Records provided:
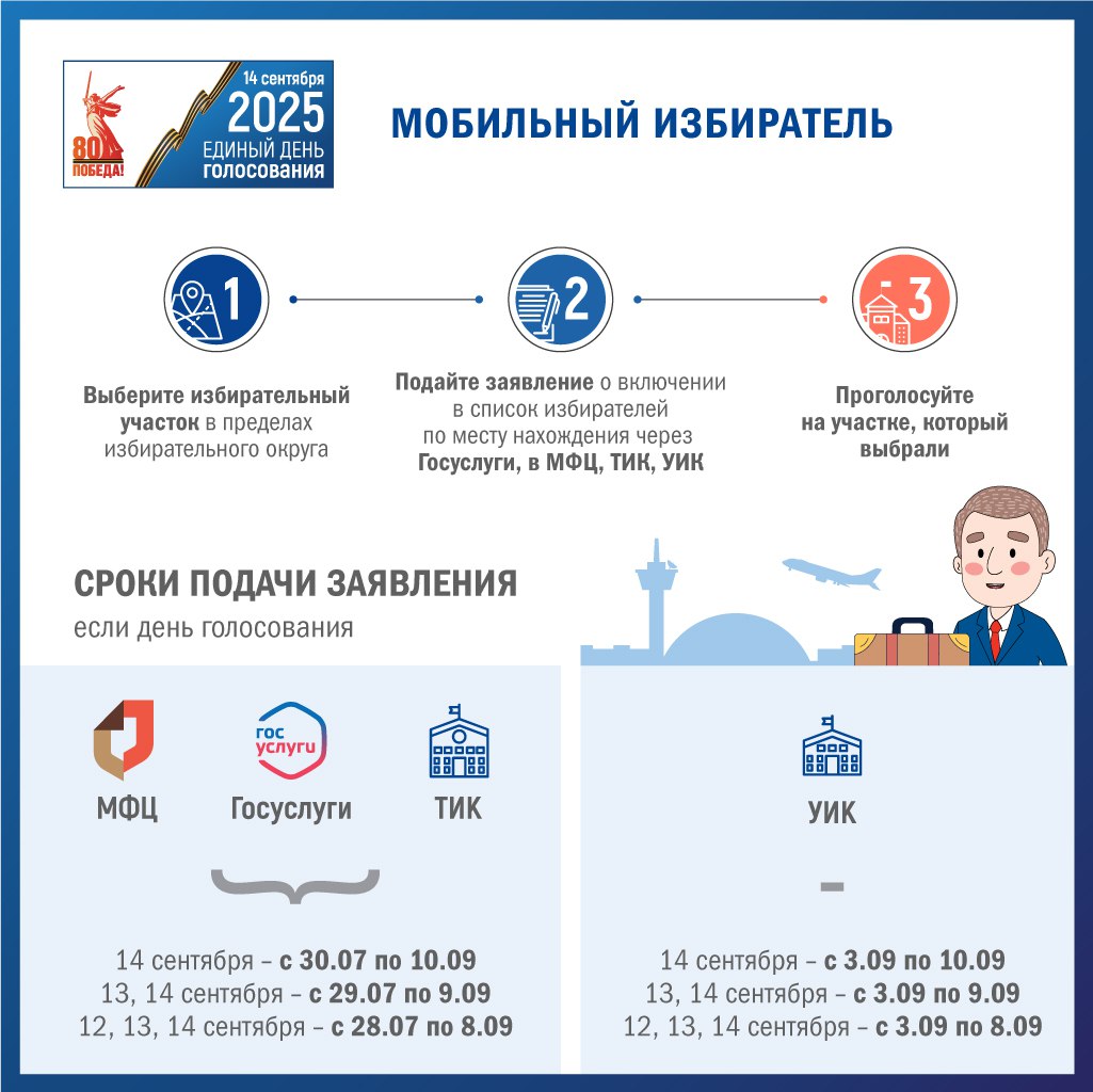 30 июля 2025 года начинают работу пункты приема заявлений о голосовании по месту нахождения (далее - ППЗ) в территориальных избирательных комиссиях, многофункциональных центрах "Мои документы" и на портале единых государственных услуг. В участковых избирательных комиссиях ППЗ заработают с 3 сентября.
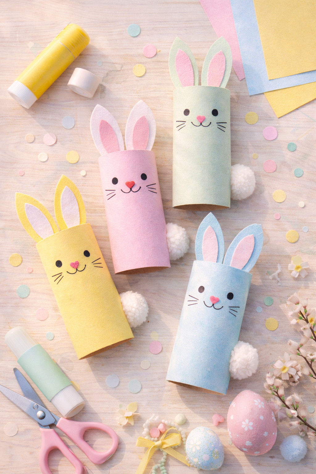 Diese Bastelidee ist perfekt für kleine Kinderhände: schnell, einfach und nachhaltig! Du verwandelst leere Klopapierrollen in süße Hasenfiguren – ideal zum Spielen oder als Tischdeko für Ostern.
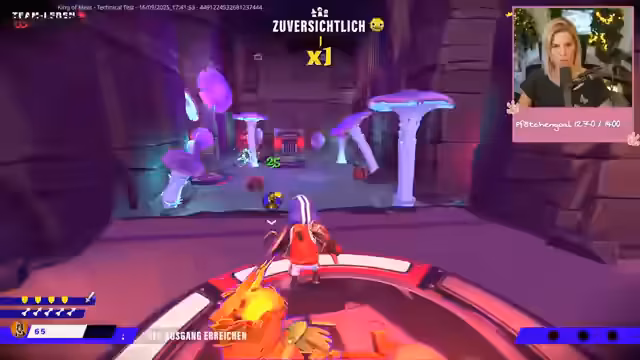 03:37:23Der Stream wechselt das Thema und startet ein Multiplayer-Spiel mit dem Chatnamen 'King of Meat'. Es wird ein Jump'n'Run-Party-Game mit Dungeon-Mechaniken vorgestellt, in dem bis zu vier Spieler zusammenarbeiten. Erklärt werden die Steuerung, das Tutorial, das Freischalten der Mehrspieler-Lobby und das Finden von Mitspielern innerhalb des Spiels sowie im Discord-Server. Ziel ist es, in den Dungeons Kronen zu sammeln und Gold zu verdienen.
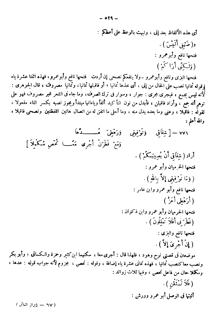 "ولا ينفعكم نصحيَ إن أردت"، فتحها نافع وأبو عمرو، فهذه اثنتا عشرة ياء، وقوله: ثمانيًا نصب على الحال من إني؛ أي: خذها ثمانيا أو فاقبلها ثمانيا، وثمانيا مصروف، قال الجوهري: لأنه ليس بجمع فيجري مجرى جوارٍ وسوارٍ في ترك الصرف، وما جاء في الشعر غير مصروف فهو على توهم أنه جمع، وأراد: "فاقبلن"، فأبدل من نون التأكيد ألفا وياءاتها مبتدأ، ويجوز نصبه بكسر التاء مفعولا لقوله: فاقبلا، وعنى وما بعده بدل منه وما أحلى ما اتفق له من اتصال هاتين اللفظتين ونصحيَ فاقبلا والله أعلم.
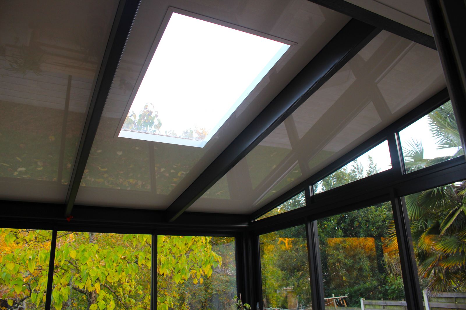 La véranda simple pente est posée sur une extension et possède deux puits de jours intégrés.
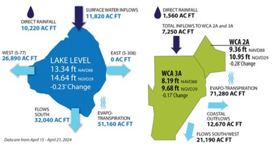 South Florida - Wednesday April 24, 2024: Here are the latest water levels in key south Florida water bodies from data collected between April 15 through April 21.
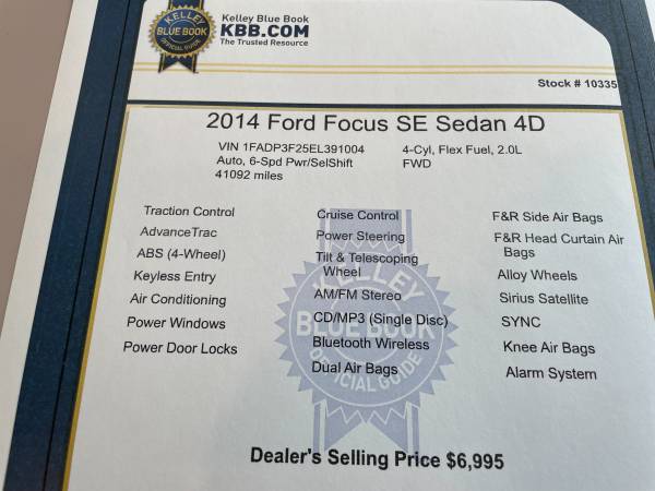 Stock#: 10335 -- VIN: 1FADP3F25EL391004 - 41,092 miles --Price: $6,995
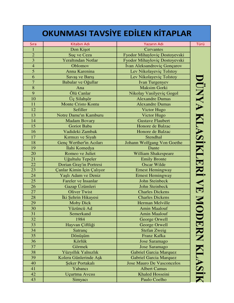 OKUNMASI TAVSİYE EDİLEN KİTAPLAR Sıra Don Kişot Suç ve Ceza Yeraltından Notlar Oblomov Anna Karenina Savaş ve Barış Babalar ve Oğullar Ana Ölü Canlar Üç Silahşör Monte Cristo Kontu Sefiller Notre Dame'ın Kamburu Madam Bovary Goriot Baba Vadideki Zambak Kırmızı ve Siyah Genç Werther'in Acıları İlahi Komedya Romeo ve Juliet Uğultulu Tepeler Dorian Gray'in Portresi Çanlar Kimin İçin Çalıyor Yaşlı Adam ve Deniz Fareler ve İnsanlar Gazap Üzümleri Oliver Twist İki Şehrin Hikayesi Moby Dick Yüzüncü Ad Semerkand 1984 Hayvan Çiftliği Satranç Dönüşüm Körlük Görmek Yüzyıllık Yalnızlık Kolera Günlerinde Aşk Şeker Portakalı Yabancı Uçurtma Avcısı Simyacı Yazarın Adı Cervantes Fyodor Mihayloviç Dostoyevski Fyodor Mihayloviç Dostoyevski İvan Aleksandroviç Gonçarov Lev Nikolayeviç Tolstoy Lev Nikolayeviç Tolstoy Ivan Turgenyev Maksim Gorki Nikolay Vasilyeviç Gogol Alexandre Dumas Alexandre Dumas Victor Hugo Victor Hugo Gustave Flaubert Honore de Balzac Honore de Balzac Stendhal Johann Wolfgang Von Goethe Dante William Shakespeare Emily Bronte Oscar Wilde Ernest Hemingway Ernest Hemingway John Steinbeck John Steinbeck Charles Dickens Charles Dickens Herman Melville Amin Maalouf Amin Maalouf George Orwell George Orwell Stefan Zweig Franz Kafka Jose Saramago Jose Saramago Gabriel Garcia Marquez Gabriel Garcia Marquez Jose Mauro De Vasconcelos Albert Camus Khaled Hosseini Paulo Coelho Türü DÜNYA KLASİKLERİ VE MODERN KLASİKLER 1 2 3 4 5 6 7 8 9 10 11 12 13 14 15 16 17 18 19 20 21 22 23 24 25 26 27 28 29 30 31 32 33 34 35 36 37 38 39 40 41 42 43 Kitabın Adı Paulo Coelho Chris Cleave Christy Brown Marlo Morgan Cengiz Aytmatov Cengiz Aytmatov Cengiz Aytmatov Harper Lee Erich Maria Remarque Şehbenderzade Filibeli Ahmed Hilmi TÜRK EDEBİY KLAS Şemseddin Sami Samipaşazade Sezai Namık Kemal Namık Kemal Nabizade Nazım Recaizade Mahmut Ekrem Ahmet Mithat Efendi Mehmet Rauf Halit Ziya Uşaklıgil Halit Ziya Uşaklıgil Hüseyin Rahmi Gürpınar Hüseyin Rahmi Gürpınar Hüseyin Rahmi Gürpınar Yakup Kadri Karaosmanoğlu Yakup Kadri Karaosmanoğlu Yakup Kadri Karaosmanoğlu Yakup Kadri Karaosmanoğlu Reşat Nuri Güntekin Reşat Nuri Güntekin Reşat Nuri Güntekin Halide Edib Adıvar Halide Edib Adıvar Halide Edib Adıvar Halide Edib Adıvar Halide Edib Adıvar Refik Halid Karay Falih Rıfkı Atay Peyami Safa Peyami Safa Ahmet Hamdi Tanpınar Ahmet Hamdi Tanpınar Ahmet Hamdi Tanpınar Halikarnas Balıkçısı Memduh Şevket Esendal Sait Faik Abasıyanık Yusuf Atılgan Yusuf Atılgan TÜRK EDEBİYATI KLASİKLERİ Beşinci Dağ Küçük Arı Sol Ayağım Bir Çift Yürek Gün Olur Asra Bedel Cemile Elveda Gülsarı Bülbülü Öldürmek Batı Cephesinde Yeni Bir Şey Yok Dede Korkut Hikayeleri Amak-ı Hayal Taaşşuk-ı Talat ve Fitnat Sergüzeşt Cezmi İntibah Karabibik Araba Sevdası Felatun Bey İle Rakım Efendi Eylül Aşk-ı Memnu Mai ve Siyah Kuyrukluyıldız Altında Bir İzdivaç Mürebbiye Gulyabani Kiralık Konak Sodom ve Gomore Yaban Nur Baba Çalıkuşu Yeşil Gece Acımak Yol Palas Cinayeti Sinekli Bakkal Ateşten Gömlek Türkün Ateşle İmtihanı Vurun Kahpeye Memleket Hikayeleri Çankaya Fatih-Harbiye 9. Hariciye Koğuşu Huzur Saatleri Ayarlama Enstitüsü Beş Şehir Mavi Sürgün Ayaşlı ve Kiracıları Medarı Maişet Motoru Anayurt Oteli Aylak Adam ASİKLER 44 45 46 47 48 49 50 51 52 53 54 55 56 57 58 59 60 61 62 63 64 65 66 67 68 69 70 71 72 73 74 75 76 77 78 79 80 81 82 83 84 85 86 87 88 89 90 91 TARİH Yusuf Atılgan Tarık Buğra Tarık Buğra Tarık Buğra Kemal Tahir Kemal Tahir Kemal Tahir Kemal Tahir Sabahattin Ali Sabahattin Ali Ferit Edgü Aziz Nesin Aziz Nesin Yaşar Kemal Yaşar Kemal Yaşar Kemal Yaşar Kemal Yaşar Kemal Yaşar Kemal Yaşar Kemal Yaşar Kemal Yaşar Kemal Necati Cumalı Vedat Türkali Orhan Kemal Orhan Kemal Orhan Kemal Rıfat Ilgaz Rıfat Ilgaz Rıfat Ilgaz Rıfat Ilgaz Mahmut Makal Attila İlhan Kemal Bilbaşar Abbas Sayar MUSTAFA KEMAL ATATÜRK Yuval Noah Harari Emrah Safa Gürkan Emrah Safa Gürkan Prof. Dr. İlber Ortaylı Prof. Dr. İlber Ortaylı Şevket Süreyya Aydemir Şevket Süreyya Aydemir Turgut Özakman Grigory Petrov TÜRK EDEBİYATI MODERN KLASİKLER Canistan Osmancık Küçük Ağa Küçük Ağa Ankara'da Devlet Ana Esir Şehrin İnsanları Esir Şehrin Mahpusu Yol Ayrımı Kürk Mantolu Madonna Kuyucaklı Yusuf Hakkâri’de Bir Mevsim Zübük Yaşar Ne Yaşar Ne Yaşamaz İnce Memed Teneke Yılanı Öldürseler Demirciler Çarşısı Cinayeti Ortadirek Yer Demir Gök Bakır Ölmez Otu Deniz Küstü Kuşlar da Gitti Tütün Zamanı Bir Gün Tek Başına Murtaza Baba Evi Gurbet Kuşları Karartma Geceleri Halime Kaptan Pijamalılar Hababam Sınıfı Bizim Köy Gazi Paşa Cemo Yılkı Atı NUTUK Hayvanlardan Tanrılara - Sapiens Sultanın Korsanları Bunu Herkes Bilir Türklerin Tarihi Gazi Mustafa Kemal Atatürk Tek Adam (3 Cilt) İkinci Adam (3 Cilt) Şu Çılgın Türkler Beyaz Zambaklar Ülkesinde TÜRK EDEBİYATI MODERN KLASİKLER 92 93 94 95 96 97 98 99 100 101 102 103 104 105 106 107 108 109 110 111 112 113 114 115 116 117 118 119 120 121 122 123 124 125 126 127 128 129 130 131 132 133 134 135 136

Work order: Would you please reproduce the entries above, starting at the line with "La véranda simple" and stopping after the line with "Stock#: 10335 -- VIN: 1FADP3F25EL391004"? Omit any pictures.

Task solution:
 La véranda simple pente est posée sur une extension et possède deux puits de jours intégrés.
 South Florida - Wednesday April 24, 2024: Here are the latest water levels in key south Florida water bodies from data collected between April 15 through April 21.
 Stock#: 10335 -- VIN: 1FADP3F25EL391004 - 41,092 miles --Price: $6,995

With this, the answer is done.